Program Reactions to Self-Study Feedback


Program Reactions to Self-Study Feedback

I met with a program that expressed feeling frustrated and demoralized by the OAI feedback on their self-study.  They wanted to know what the penalties were for programs that didn’t provide assessment self-studies.  They asked that the results be transparent; that there be consequences for non-compliant programs as well as acknowledgement for programs that made the effort.

They pointed out that nothing in the NWCCU standards explicitly required including stakeholders in the assessment process and that while they recognized the value of such inclusion it was not necessarily practicable, especially when they already felt extended beyond their time and budget to fulfill accreditation requirements. We discussed that “stakeholders” was a term that needed to be unpacked, that it tended to bring up images of industry or future employers. However, stakeholders vary widely from discipline to discipline.  But one form of stakeholder that does not change is students and they agreed that students could be given greater agency in the assessment process.

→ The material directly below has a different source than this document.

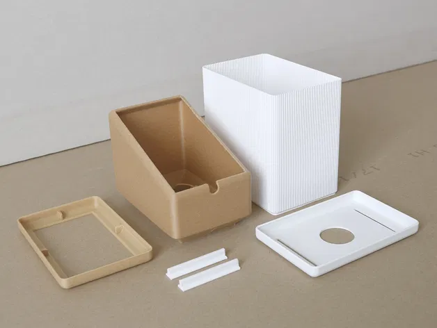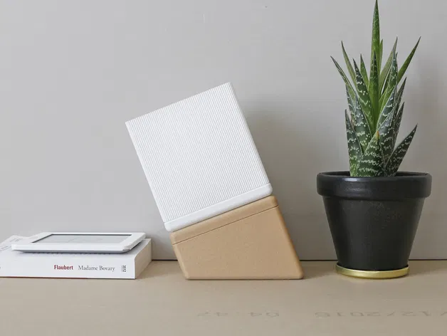 Thiết kế tối giản này không cần vật liệu hỗ trợ để in và có thể kết hợp với các vật liệu độc đáo để có kết quả cao cấp. Các mô hình đã được in 3D với Colorfabb Woodfill (thân đèn) và White nGen (chụp đèn).

They also felt the push to come up with “data” which they saw as being essentially number driven. We agreed that the term data should be scrapped in favor of the term “evidence” and that the kinds of evidence they chose to include should be in whatever form was most useful for informing them about the gaps in their learning outcomes and provided insight about what changes to make.

In the end the program came to understand that a simple narrative account of their assessment practices, bolstered by relevant evidence placed in the evidence folder and referenced in the narrative would be a much more effective and less onerous approach to fulfilling the self-study requirements.  Much of what the program is currently doing was not being captured in the report due to the misconception that the institution is looking for numerical data as hard evidence.

They agreed to look over the next draft of the Guide to Assessment and provide feedback about its clarity and usefulness.

comment to the original post

Very Productive

Edit
This sounds like a very productive meeting, with a lot of learning for them and for us.  Congratulations!